*Required action*.
Of all the lines below, output only those starting at the one with "This slouchy, stylish" and ending at the one with "Переднее сиденье для", both ends included, exactly as written.

==== Records supplied

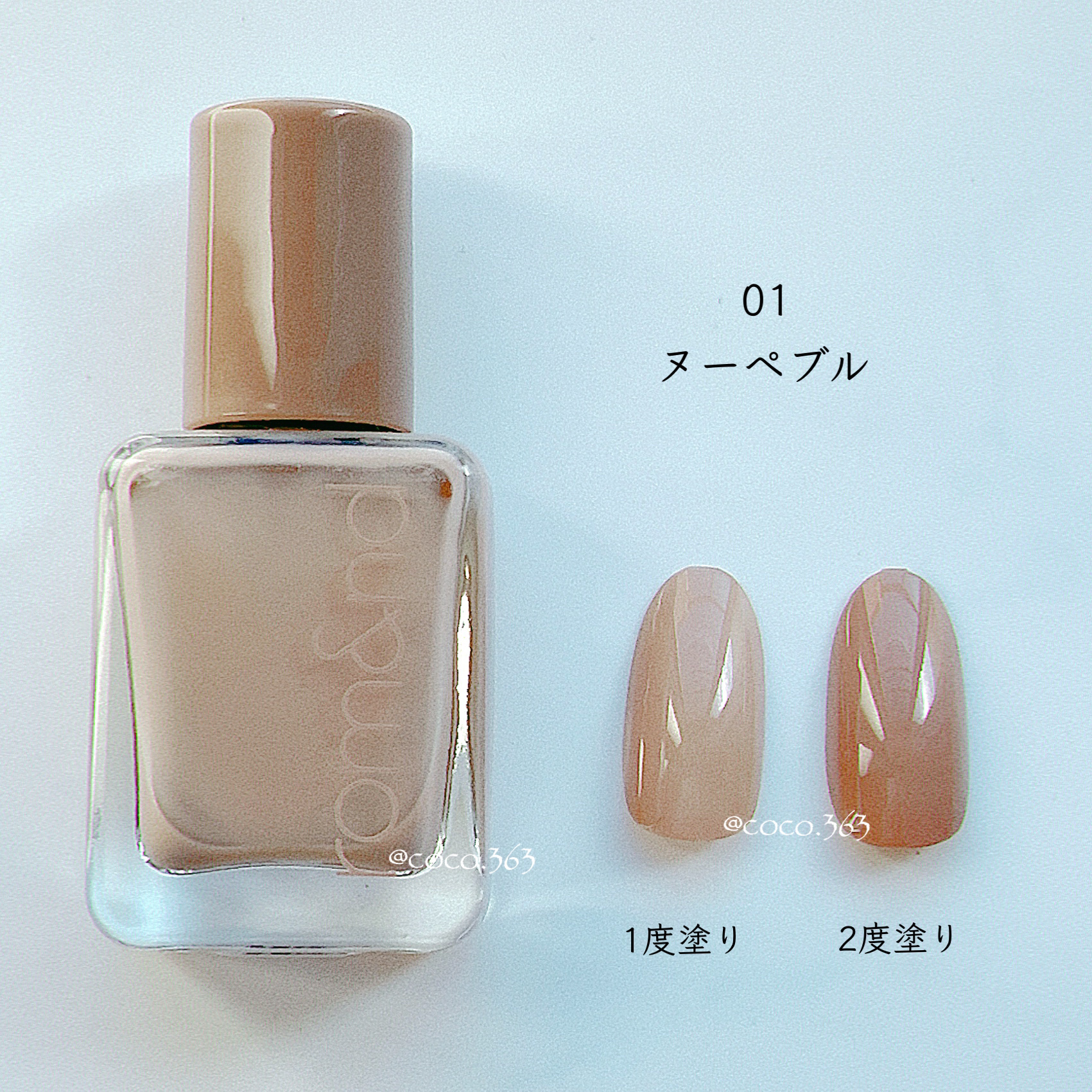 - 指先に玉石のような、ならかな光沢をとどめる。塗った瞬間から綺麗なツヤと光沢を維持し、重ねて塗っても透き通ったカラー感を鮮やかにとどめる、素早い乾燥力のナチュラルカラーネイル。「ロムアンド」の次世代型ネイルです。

========
==== Records supplied

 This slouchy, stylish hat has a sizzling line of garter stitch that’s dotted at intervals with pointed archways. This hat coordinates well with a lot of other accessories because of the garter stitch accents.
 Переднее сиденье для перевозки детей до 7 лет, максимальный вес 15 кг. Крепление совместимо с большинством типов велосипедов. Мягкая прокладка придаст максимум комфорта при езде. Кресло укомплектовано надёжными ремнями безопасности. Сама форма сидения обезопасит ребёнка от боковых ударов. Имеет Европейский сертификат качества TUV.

========

*Solved exercise*.
 This slouchy, stylish hat has a sizzling line of garter stitch that’s dotted at intervals with pointed archways. This hat coordinates well with a lot of other accessories because of the garter stitch accents.
 Переднее сиденье для перевозки детей до 7 лет, максимальный вес 15 кг. Крепление совместимо с большинством типов велосипедов. Мягкая прокладка придаст максимум комфорта при езде. Кресло укомплектовано надёжными ремнями безопасности. Сама форма сидения обезопасит ребёнка от боковых ударов. Имеет Европейский сертификат качества TUV.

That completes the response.